Documented in msImpute

#' Imputation of peptide log-intensity in mass spectrometry label-free proteomics by low-rank approximation
#'
#' Returns a completed matrix of peptide log-intensity where missing values (NAs) are imputated
#' by low-rank approximation of the input matrix. Non-NA entries remain unmodified. \code{msImpute} requires at least 4
#' non-missing measurements per peptide across all samples. It is assumed that peptide intensities  (DDA), or MS1/MS2 normalised peak areas (DIA),
#' are log2-transformed and normalised (e.g. by quantile normalisation).
#'
#' @details
#'
#' \code{msImpute} operates on the \code{softImpute-als} algorithm in \code{\link[softImpute]{softImpute}} package.
#' The algorithm estimates a low-rank matrix ( a smaller matrix
#' than the input matrix) that approximates the data with a reasonable accuracy. \code{SoftImpute-als} determines the optimal
#' rank of the matrix through the \code{lambda} parameter, which it learns from the data.
#' This algorithm is implemented in \code{method="v1"}.
#' In v2 we have used a information theoretic approach to estimate the optimal rank, instead of relying on \code{softImpute-als}
#' defaults.
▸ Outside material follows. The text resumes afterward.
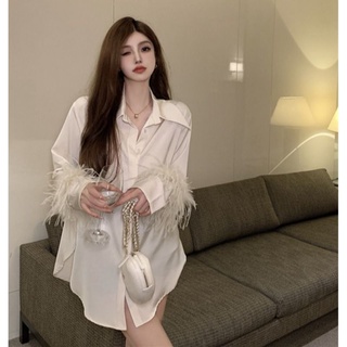 Cổ Phiếu Sẵn Sàng❤Ah F & X Áo Sơ Mi Satin Phối Lông Xù Phong Cách Nữ Thần Cá Tính Thời Trang 2022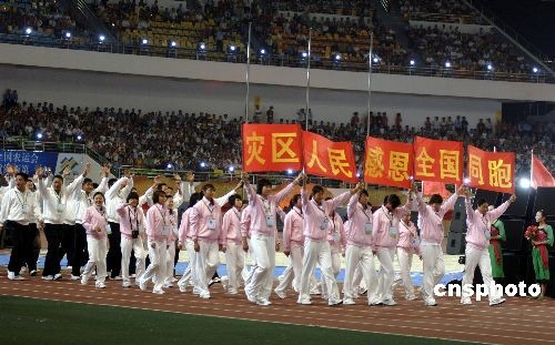 開幕式上,四川代表團(tuán)進(jìn)場(chǎng)時(shí)高舉“災(zāi)區(qū)人民感恩全國(guó)同胞”的橫幅,激起全場(chǎng)熱烈掌聲。中新社發(fā) 王東明 攝

Similarly, we have implemented a new approach to estimate \code{lambda} from the data. Low-rank approximation
#' is a linear reconstruction of the data, and is only appropriate for imputation of MAR data. In order to make the
#' algorithm applicable to MNAR data, we have implemented \code{method="v2-mnar"} which imputes the missing observations
#' as weighted sum of values imputed by msImpute v2 (\code{method="v2"}) and random draws from a Gaussian distribution.
#' Missing values that tend to be missing completely in one or more experimental groups will be weighted more (shrunken) towards
#' imputation by sampling from a Gaussian parameterised by smallest observed values in the sample (similar to minProb, or
#' Perseus). However, if the missing value distribution is even across the samples for a peptide, the imputed values
#' for that peptide are shrunken towards
#' low-rank imputed values. The judgment of distribution of missing values is based on the EBM metric implemented in
#' \code{selectFeatures}, which is also a information theory measure.
#'
#'
#' @param y Numeric matrix giving log-intensity where missing values are denoted by NA. Rows are peptides, columns are samples.
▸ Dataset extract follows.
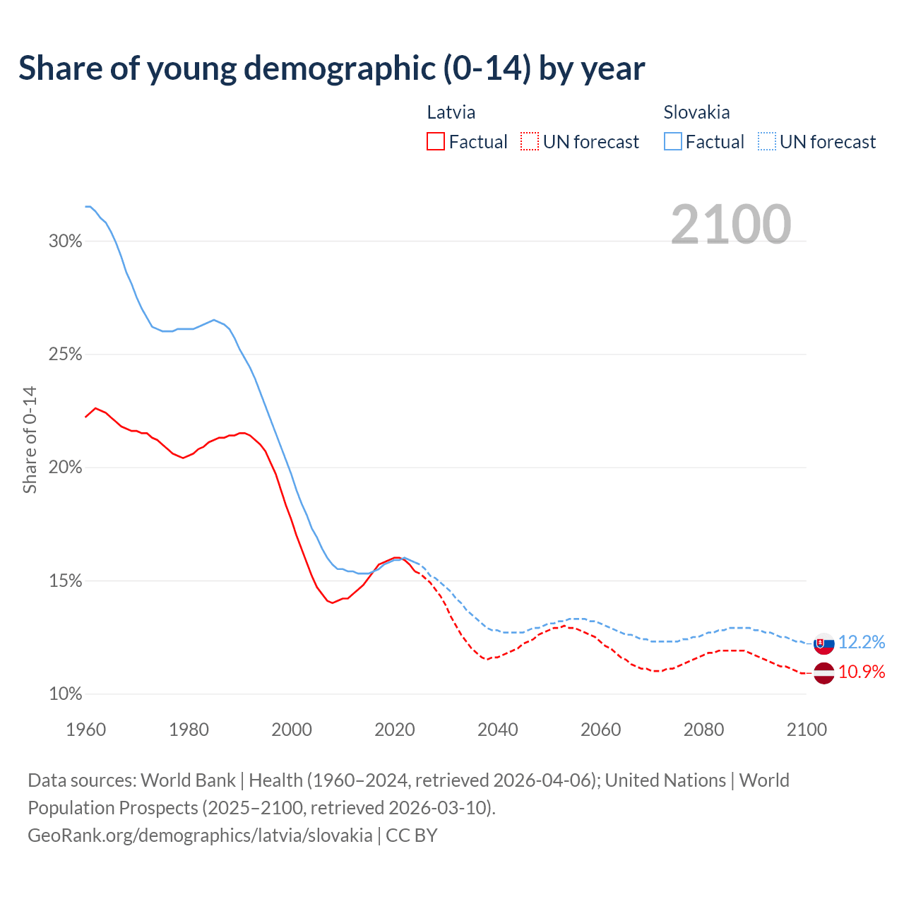 - The share of young demographic (0-15 years old) in Latvia is 15.4% vs 15.8% in Slovakia.

#' @param method Character. Allowed values are \code{"v2"} for \code{msImputev2} imputation (enhanced version) for MAR.
#' \code{method="v2-mnar"} (modified low-rank approx for MNAR), and \code{"v1"} initial release of \code{msImpute}.
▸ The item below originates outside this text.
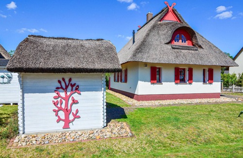 The fantastic thatched single-family house is furnished with great attention to detail, extremely comfortable and offers space for 4 guests. The cozy living room with underfloor heating and a wood-burning stove integrates a fully equipped kitchen and has direct access to the terrace overlooking the beautifully landscaped garden.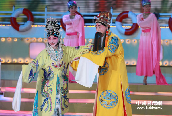梅葆玖、李寶春兩位海峽兩岸的藝術家在第二屆海峽論壇晚會上演繹京劇《長生殿》選段。(中國臺灣網 鐘寶華 攝)

#' @param group Character or factor vector of length \code{ncol(y)}. DEPRECATED. Please specify the \code{design} argument.
#' @param design Object from model.matrix(); A zero-intercept design matrix (see example). 
#' @param alpha Numeric. The weight parameter. Default to 0.2. Weights the MAR-imputed distribution in the imputation scheme. DEPRECATED
#' @param rank.max Numeric. This restricts the rank of the solution. is set to min(dim(\code{y})-1) by default in "v1".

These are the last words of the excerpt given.